#### [Dataset extract]
Content starts
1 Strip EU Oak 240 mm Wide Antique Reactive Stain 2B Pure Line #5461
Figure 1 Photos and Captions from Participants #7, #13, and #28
Content ends
Content starts
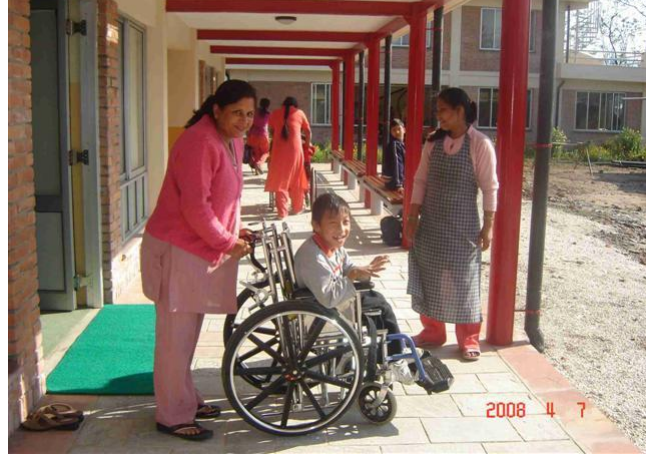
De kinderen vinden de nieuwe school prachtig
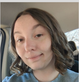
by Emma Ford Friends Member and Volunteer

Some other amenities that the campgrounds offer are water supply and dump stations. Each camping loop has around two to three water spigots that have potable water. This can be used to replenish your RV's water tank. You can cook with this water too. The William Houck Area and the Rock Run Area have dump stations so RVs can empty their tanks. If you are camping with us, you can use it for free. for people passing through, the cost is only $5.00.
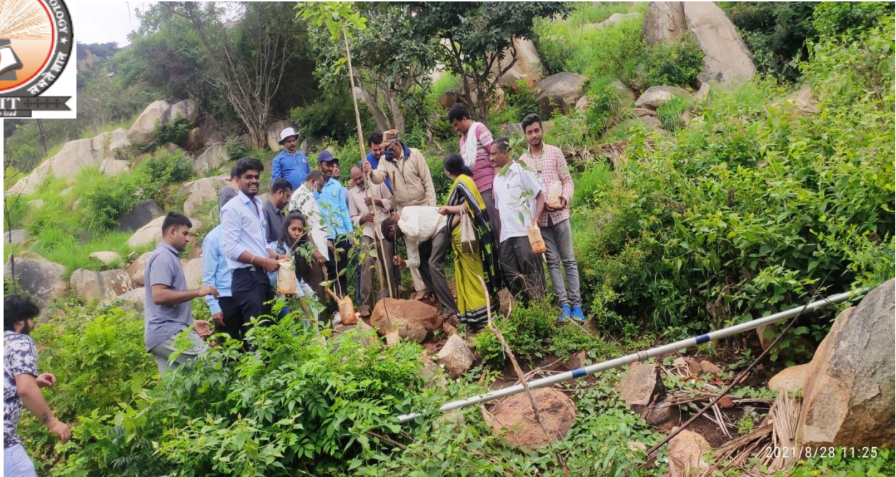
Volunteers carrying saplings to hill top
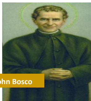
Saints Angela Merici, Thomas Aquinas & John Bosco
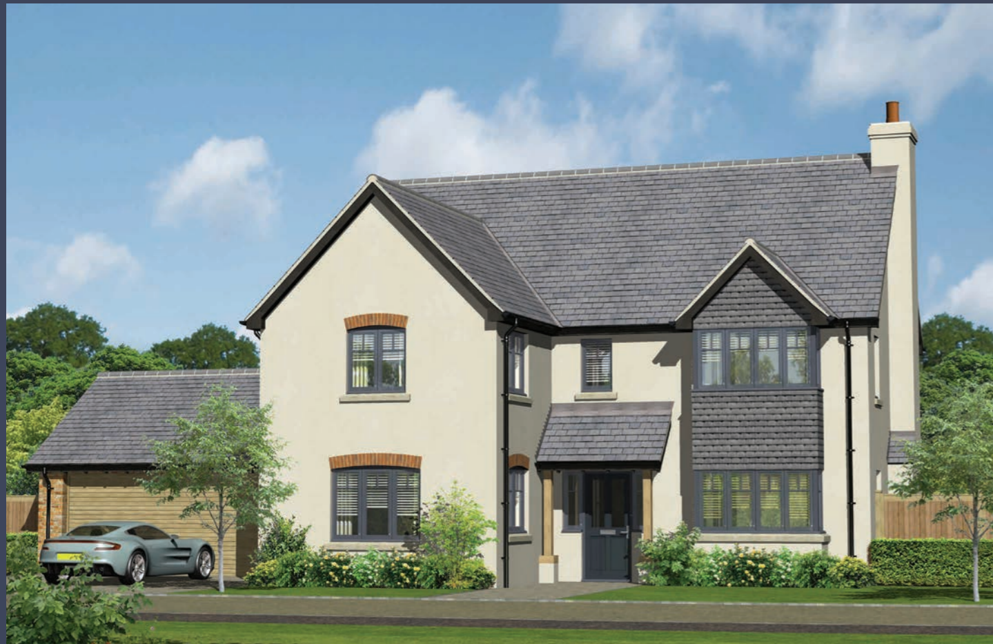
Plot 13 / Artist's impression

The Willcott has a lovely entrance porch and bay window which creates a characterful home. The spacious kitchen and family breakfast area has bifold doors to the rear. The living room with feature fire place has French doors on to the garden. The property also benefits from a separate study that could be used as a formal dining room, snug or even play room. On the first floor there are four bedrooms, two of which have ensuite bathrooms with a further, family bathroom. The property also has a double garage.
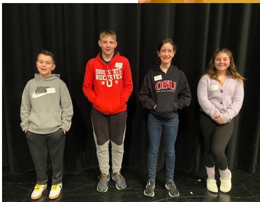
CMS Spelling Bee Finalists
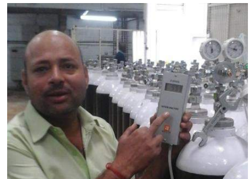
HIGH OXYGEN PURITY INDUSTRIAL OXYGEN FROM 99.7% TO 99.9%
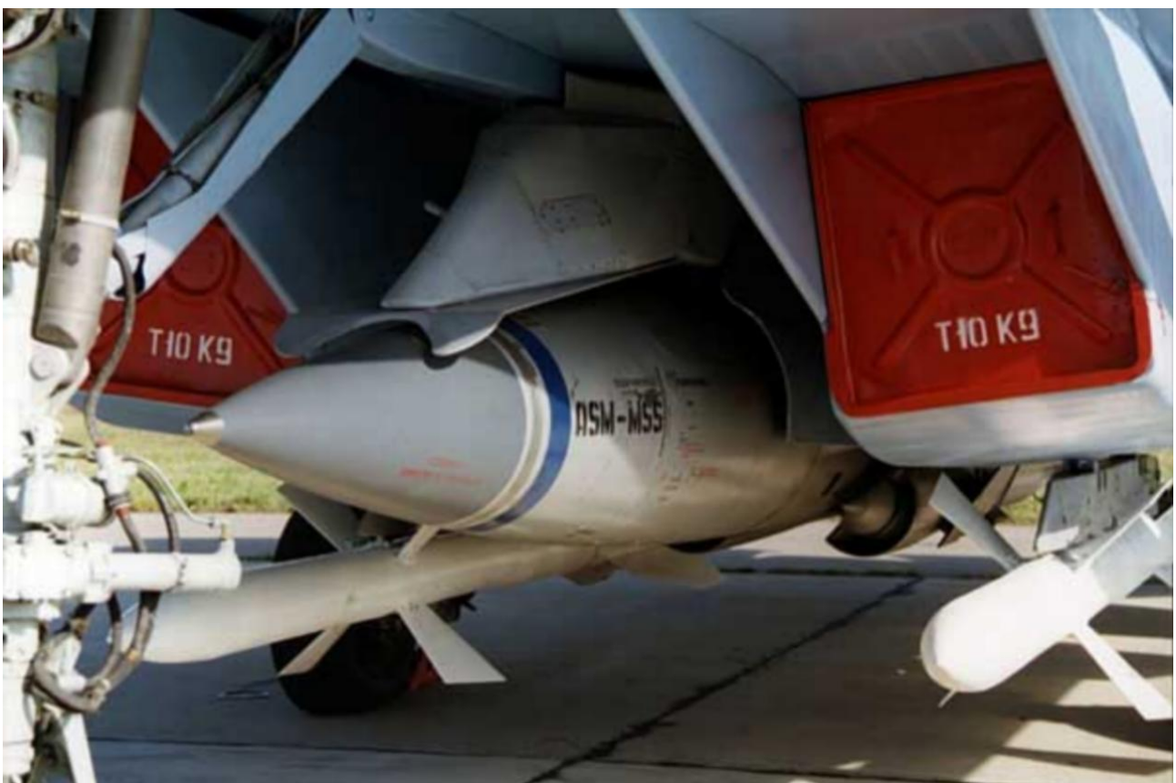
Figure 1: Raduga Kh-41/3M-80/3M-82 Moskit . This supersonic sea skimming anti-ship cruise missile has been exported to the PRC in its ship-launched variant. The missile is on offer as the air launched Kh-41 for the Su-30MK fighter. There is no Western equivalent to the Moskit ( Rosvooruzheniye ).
Content ends
Content starts
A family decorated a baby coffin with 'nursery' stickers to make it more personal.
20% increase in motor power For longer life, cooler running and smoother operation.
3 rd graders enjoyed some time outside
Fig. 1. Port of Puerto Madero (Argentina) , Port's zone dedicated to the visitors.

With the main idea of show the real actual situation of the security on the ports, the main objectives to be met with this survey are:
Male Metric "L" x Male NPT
Content ends
#### [Work instruction]
Show a copy of each line from the records above in which the string "family" occurs.

#### [Result of the exercise]
The Willcott has a lovely entrance porch and bay window which creates a characterful home. The spacious kitchen and family breakfast area has bifold doors to the rear. The living room with feature fire place has French doors on to the garden. The property also benefits from a separate study that could be used as a formal dining room, snug or even play room. On the first floor there are four bedrooms, two of which have ensuite bathrooms with a further, family bathroom. The property also has a double garage.
A family decorated a baby coffin with 'nursery' stickers to make it more personal.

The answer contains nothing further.